■ Records shown:
::::::::::

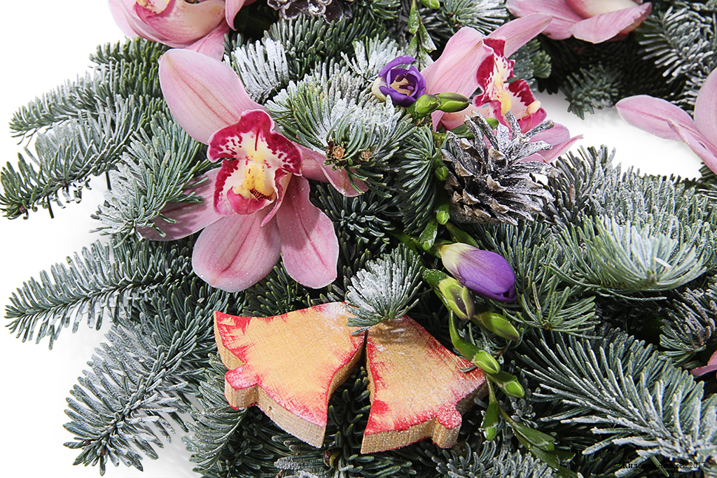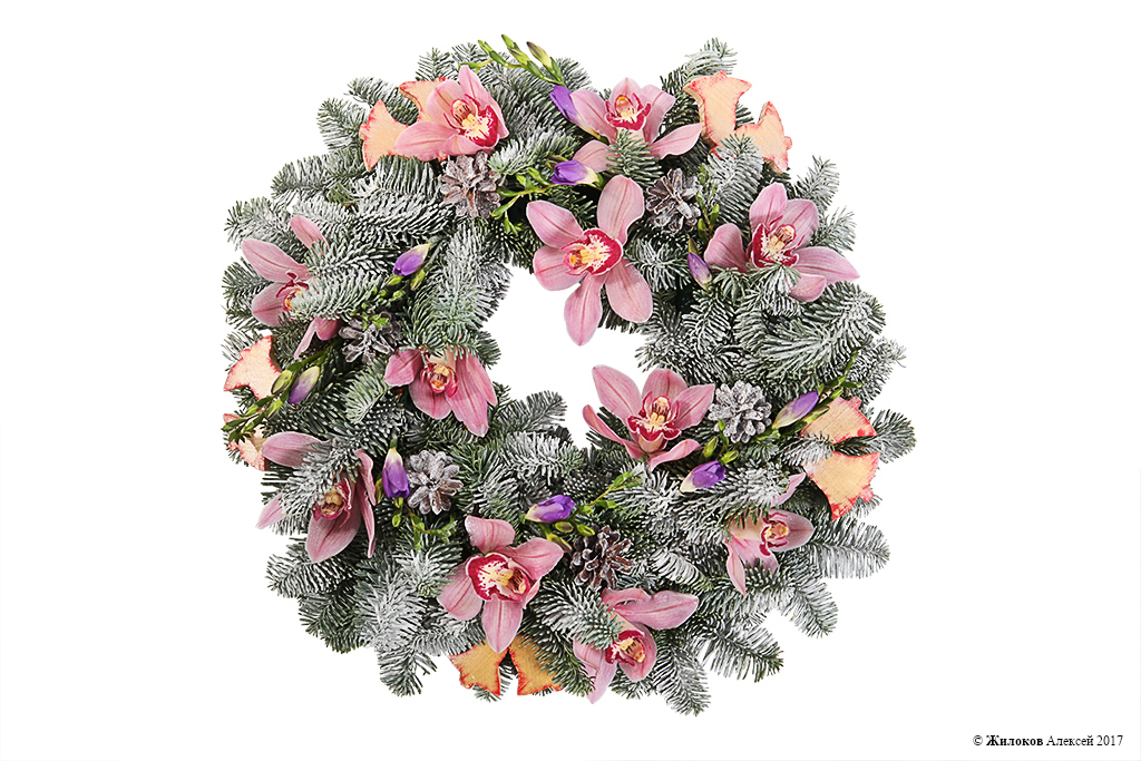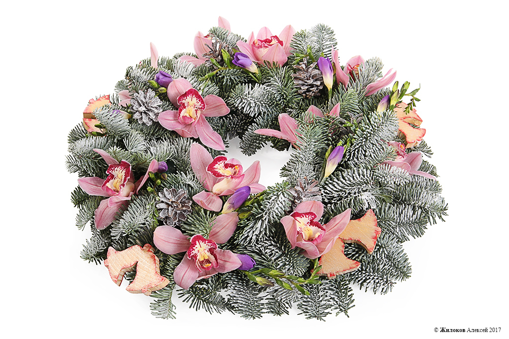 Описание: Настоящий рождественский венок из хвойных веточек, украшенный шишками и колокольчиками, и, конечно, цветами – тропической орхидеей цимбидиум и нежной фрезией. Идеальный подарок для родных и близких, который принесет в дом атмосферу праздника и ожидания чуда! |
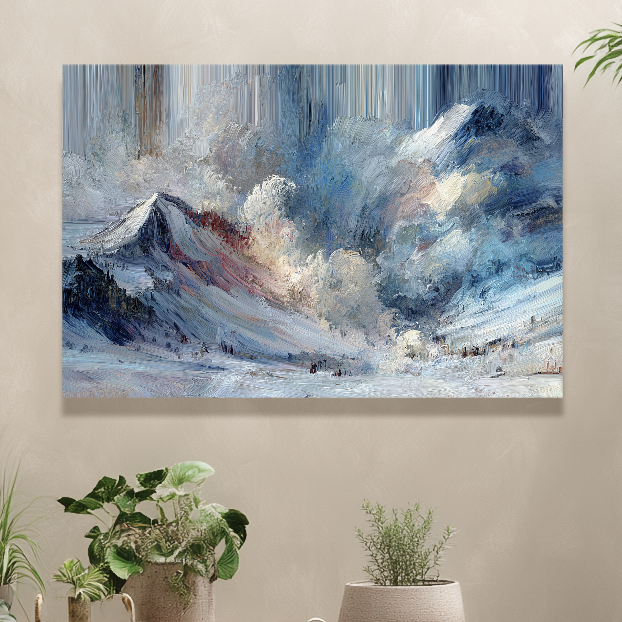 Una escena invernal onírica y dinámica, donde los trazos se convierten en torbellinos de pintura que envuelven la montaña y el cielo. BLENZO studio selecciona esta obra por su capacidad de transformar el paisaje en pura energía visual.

::::::::::

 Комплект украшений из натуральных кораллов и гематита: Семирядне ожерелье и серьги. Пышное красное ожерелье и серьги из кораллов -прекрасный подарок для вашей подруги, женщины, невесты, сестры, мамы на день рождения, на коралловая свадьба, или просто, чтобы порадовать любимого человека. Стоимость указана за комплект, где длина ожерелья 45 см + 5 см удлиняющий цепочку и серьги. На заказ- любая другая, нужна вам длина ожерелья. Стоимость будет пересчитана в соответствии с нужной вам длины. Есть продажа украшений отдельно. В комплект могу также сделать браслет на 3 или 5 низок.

::::::::::

■ Task brief:
Return, exactly as they stand, the lines above from the one with "Описание: Настоящий рождественский" to the one with "Una escena invernal", omitting any pictures among them.

■ Answer to the exercise:
 Описание: Настоящий рождественский венок из хвойных веточек, украшенный шишками и колокольчиками, и, конечно, цветами – тропической орхидеей цимбидиум и нежной фрезией. Идеальный подарок для родных и близких, который принесет в дом атмосферу праздника и ожидания чуда! |
 Una escena invernal onírica y dinámica, donde los trazos se convierten en torbellinos de pintura que envuelven la montaña y el cielo. BLENZO studio selecciona esta obra por su capacidad de transformar el paisaje en pura energía visual.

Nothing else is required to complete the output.